QED

Stop laughing, this is Tasmania

In the arcane world of Tasmanian politics nothing frustrates the devotees of intrigue and conspiracy more than the state’s magnificent Hare-Clark electoral system. For a short period of time those bag-men and apparatchiks of the Labor, Liberal and Green parties are forced to sit, twiddling their thumbs, while the “voice of the people” is considered. For two weeks, every four years, the political spin-doctors and their masters are forced to wait and listen to what the electorate has to say. 

To those on the mainland of Australia, and to many in Tasmania itself, the Hare-Clark voting system remains a complete mystery. For the various bodies-politic it remains a bloody nuisance, while for those candidates awaiting the final result, it can be the wait of a lifetime. But it is two weeks when possibly the fairest voting system in the world, works its way towards a considered result. 

Unlike the other Australian states, Tasmania has just 5 electoral boundaries, which define both the federal and state electoral districts. In the state electoral system, each of these five seats has five members of parliament. So in an electorate like Bass there can be say two Liberal, two Labor and a Green member of parliament. If you voted say Liberal or Green or Labor it is possible to take a problem or issue to a member-of-parliament belonging to the party for whom you voted.
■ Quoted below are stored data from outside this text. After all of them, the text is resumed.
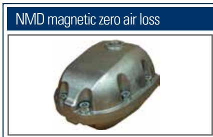
NMD magnetic zero air loss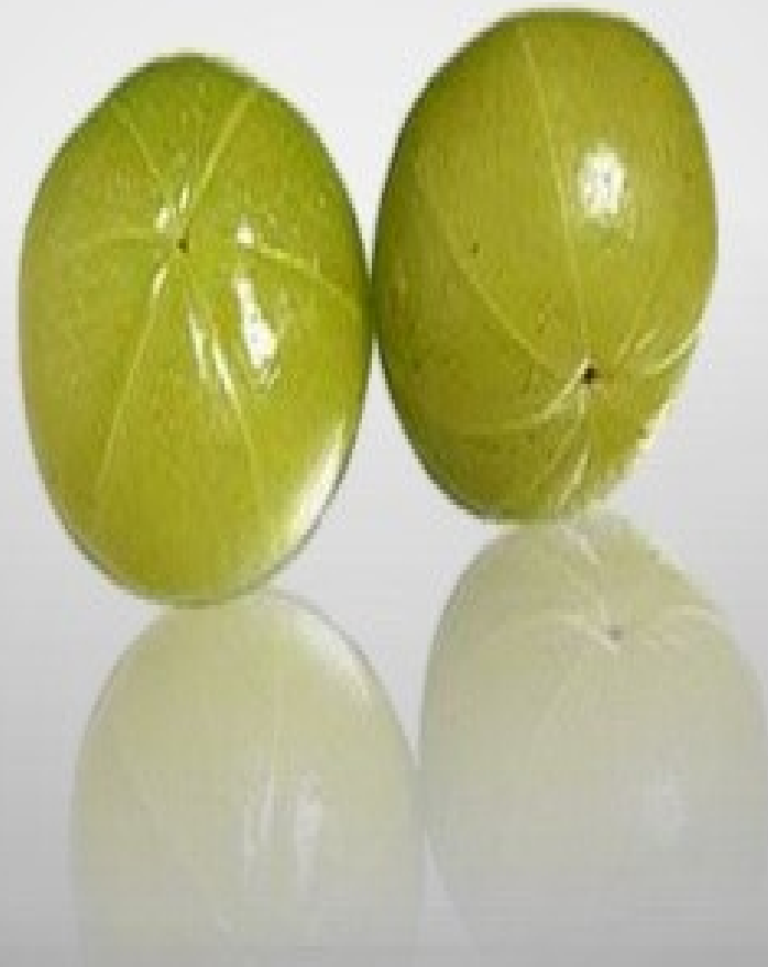
AMALAKI ( Emblica Officinalis )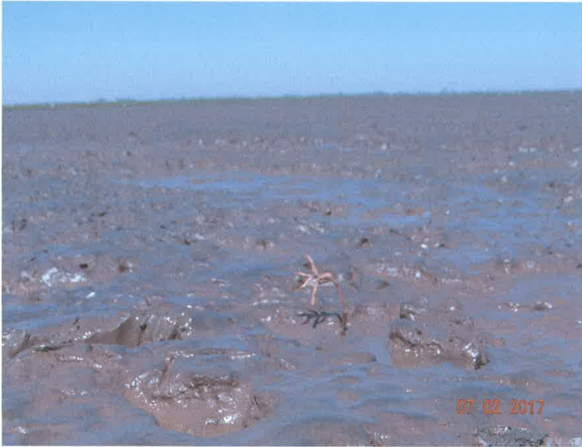
Mangroves planted in 50 ha. area at Gadhula, Talaja, BVNR, during 2016-17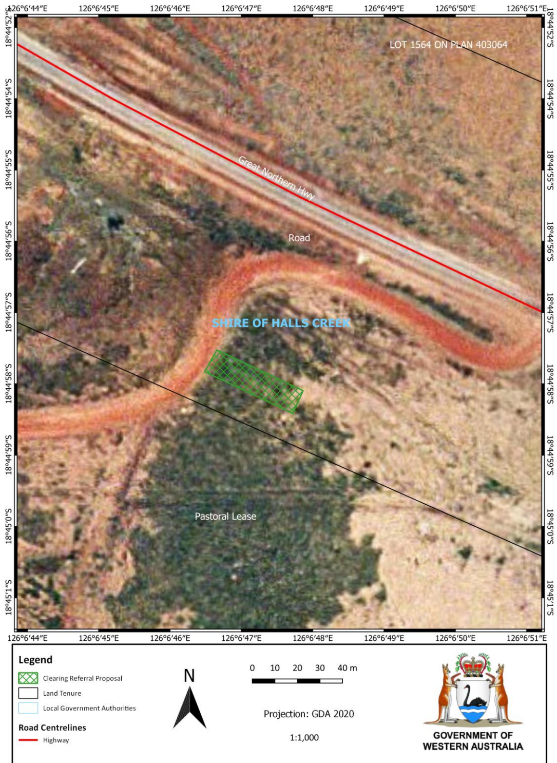
Figure 2: Map of the referral area within which clearing of native vegetation does not require a clearing permit.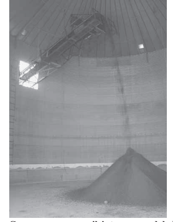
Conveyors move soil into a remodeled 50,000-bu. grain bin.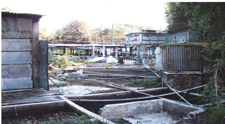
1. Houses in the Middle Section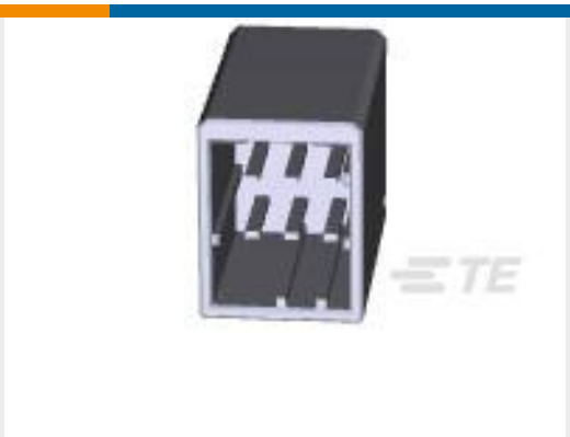
TE Part #1318124-1 DYNAMIC D2100 HDR V ASSY 6P

The five member seats, in the five districts, make up a lower house parliament of 25 members. 

The other main feature is the design of the ballot paper whereby the voter is encouraged to vote for candidates of their choice and liking rather than follow a particular political party. How-to-vote cards are banned near polling stations, and are of little use, as the ballot papers themselves have the candidates printed in random order. At a voting place the voter before and you will have the candidates on their ballot paper in a different order. No party or candidate ever gets top of the ticket on all of the ballot papers. 

All of this democratic ingenuity has of course failed, in as much as the man who found himself not preferred by 70% of the Tasmanian electorate has found himself being asked by the state governor, to form a minority Labor government. It’s all a bit like Edward Lear’s “The Owl and the Pussy Cat” going to sea in a pea-green boat. 
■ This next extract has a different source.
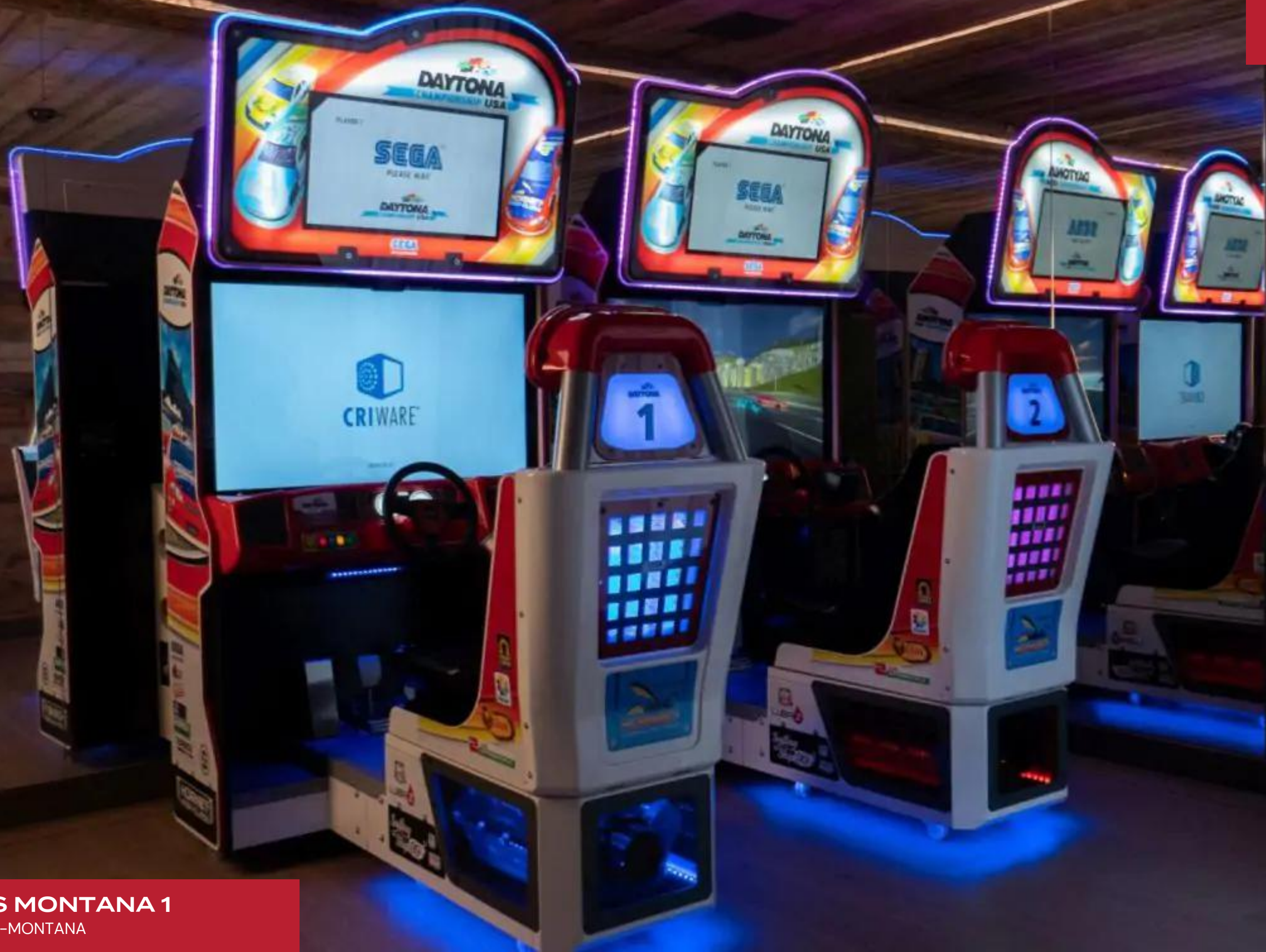
ULTIMA CRANS MONTANA 1 CRANS-MONTANA, CRANS-MONTANA

The Hare-Clark voting system originated from a concept developed by an Englishman, Sir Thomas Hare, who was trying to minimise “wasted votes” and to ensure that voters considered individual candidates (because of their qualities) rather that candidates on what he called “party lists”. Hare called his system Single Transferable Votes (STV’s). He published his original ideas in a book, Machinery of Representation, in 1857, with the aim to “…end the evils of corruption, violent discontent and restricted power of selection or voter choice.” 

Forty years after Hare published his book, the Tasmanian Attorney General, Andrew Inglis Clark, convinced the Tasmanian parliament to adopt Hare’s concepts in 1909. 
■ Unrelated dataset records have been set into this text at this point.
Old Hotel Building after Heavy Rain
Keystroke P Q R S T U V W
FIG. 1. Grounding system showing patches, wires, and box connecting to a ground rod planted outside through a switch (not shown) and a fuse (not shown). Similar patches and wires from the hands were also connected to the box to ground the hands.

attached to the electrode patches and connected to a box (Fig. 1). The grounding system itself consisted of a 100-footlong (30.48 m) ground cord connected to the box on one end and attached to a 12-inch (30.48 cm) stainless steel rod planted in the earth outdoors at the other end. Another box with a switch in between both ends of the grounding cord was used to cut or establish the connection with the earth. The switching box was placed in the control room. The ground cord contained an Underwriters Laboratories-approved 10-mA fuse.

Australia owes more to Andrew Inglis Clark than the Hare-Clark voting system. Indeed few would know that Clark, a self-educated son of poor Scottish immigrants, who fled Scotland for (then) Van Diemen’s Land, became a lawyer, judge, Member of Parliament and the primary architect of the Australian Constitution. In his first term in office Clark introduced 150 ministerial bills, one less than Sir Henry Parkes did during his whole career. During a visit to America, where Clark was smitten by the American Constitution, he met many leading intellectuals, including Oliver Wendell Holmes, whom he befriended and corresponded with for the rest of his life. 

Andrew Clark was convinced that the American Constitution had much to offer Australia and pushed his ideas at the Federal Council meetings of 1888, 1889, 1891 and 1894. He was a Tasmanian delegate and member of the team that drew up the final draft of the Australian Constitution. In all, eighty-six clauses of Andrew Clark’s draft constitution of ninety-six clauses, appear in the Constitution. The one clause he couldn’t get accepted was that “all men must be regarded as equal in the possession of the inalienable rights of life, liberty, and the pursuit of happiness”. 

One can only wonder what Andrew Inglis Clark might think upon what today’s politicians have done to build upon his legacy. The political shenanigans, the deceit and the back room deals that have now been done belong to the Balkans, not Tasmania. 

Next they will be up and running again, doing whatever they want to do. As one cynical friend of mine likes to restate, “voting just gives away your right to have a say for another four years”. How sad!